# Cherry Tarts



## griz400 (Dec 24, 2017)

Here is a recipe wife makes around the holidays .. she says it's simple ..I don't eat the cherries and she makes a few for me with chocolate ...(Hershey kiss)

you need
2 -8 oz cream cheese
3/4 cup cugar
2 eggs
1 teaspoon lemon juice
 Nilla vanilla wafers
and the FOIL baking cups ..
cherry pie filling

combine all ingredients except the vanilla wafers, easier if you let the cream cheese soften up a bit, using a muffin pan, put foil cups in the pan, add 1 wafer into each foil cup, then fill half full of mixture, preheat oven to 350, bake for 15 minutes , let cool and add cherry pie filling or blueberry, blackberry , etc ...








refrigerate aterwards
The wafer is the cake on these cherry cheese cakes ...........


----------



## motocrash (Dec 24, 2017)

Thanks for sharing griz.Think i'll make a 1/2 batch since sweets abound these days :)


----------



## griz400 (Dec 24, 2017)

Thanks motocrash ....thanks for the point as well .... wife says it/s simple to make.. she makes these every year .. seems like forever ..


----------



## tbrtt1 (Dec 24, 2017)

Great stuff.

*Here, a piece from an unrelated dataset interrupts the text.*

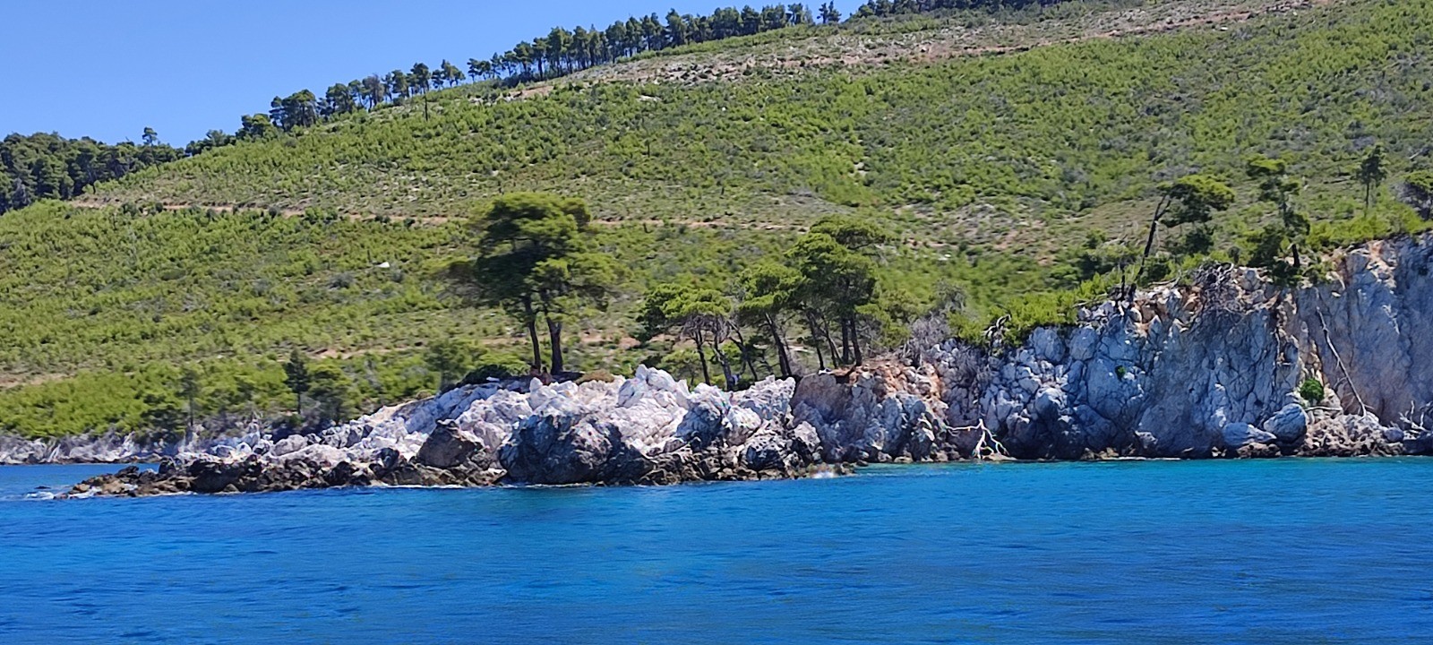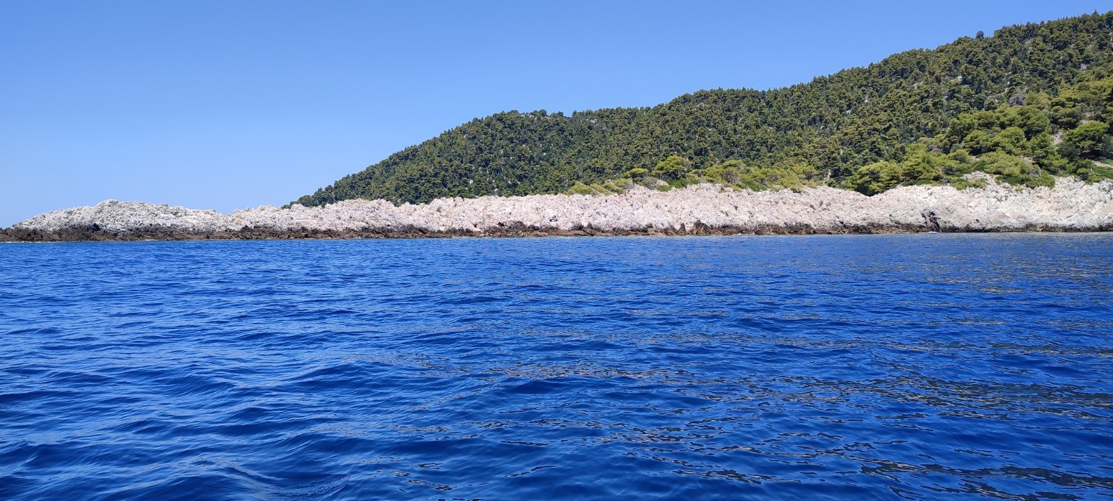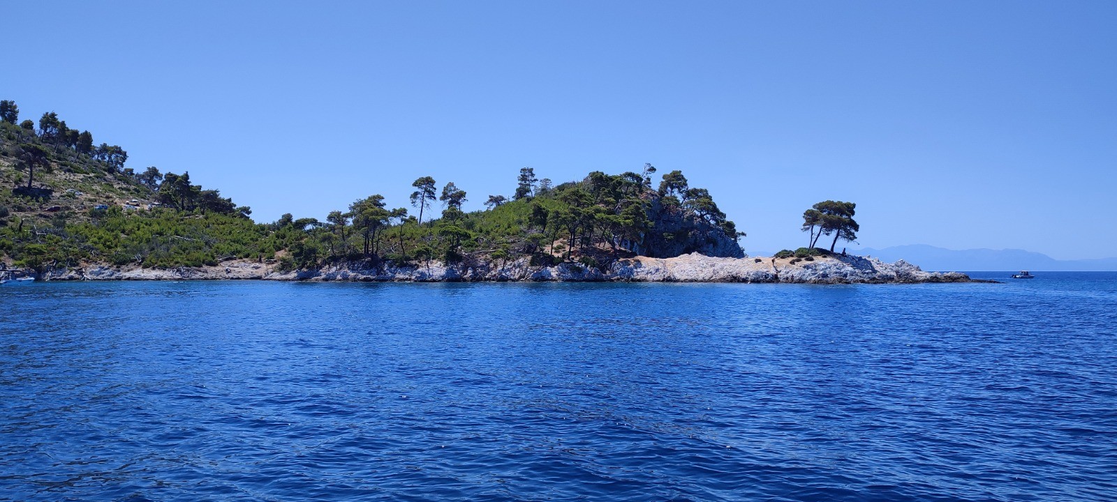 Nos voisins nous disent au revoir déçu que l'on ne reste pas semble+t-il. Nous partons à la voile après avoir enlever les aussières en paddle. Départ vent arrière à la voile mais très vite moteur. Nous passons quelques beaux rochers. Arrêt pique nique en face d'une plage. Nous venons de repartir pour Alonnisos avec plus de vent. De beaux bords au près, en course avec un autre voilier (enfin lui ne le sais pas). Nous venons de le doubler.

Seems like something I can handle, since I am not much of a baker or dessert maker.


----------



## griz400 (Dec 24, 2017)

tbrtt1 said:


> Great stuff. Seems like something I can handle, since I am not much of a baker or dessert maker.



thanks .trbtt1 . baking is the wife's thing though ..


----------



## tbrtt1 (Dec 24, 2017)

Same here. I cooked in a restaurant many moons ago in a previous life and been grilling' and Q-ing for years, but have baked nary a cake, pie or cookie. My wife, who can actually follow a recipe, does the baking and confections.


----------



## griz400 (Dec 24, 2017)

tbrtt1 said:


> Same here. I cooked in a restaurant many moons ago in a previous life and been grilling' and Q-ing for years, but have baked nary a cake, pie or cookie. My wife, who can actually follow a recipe, does the baking and confections.



She baked 3 different types of cookies this year, pumpkin rolls, nutrolls also ..makes home smell good .. lol


----------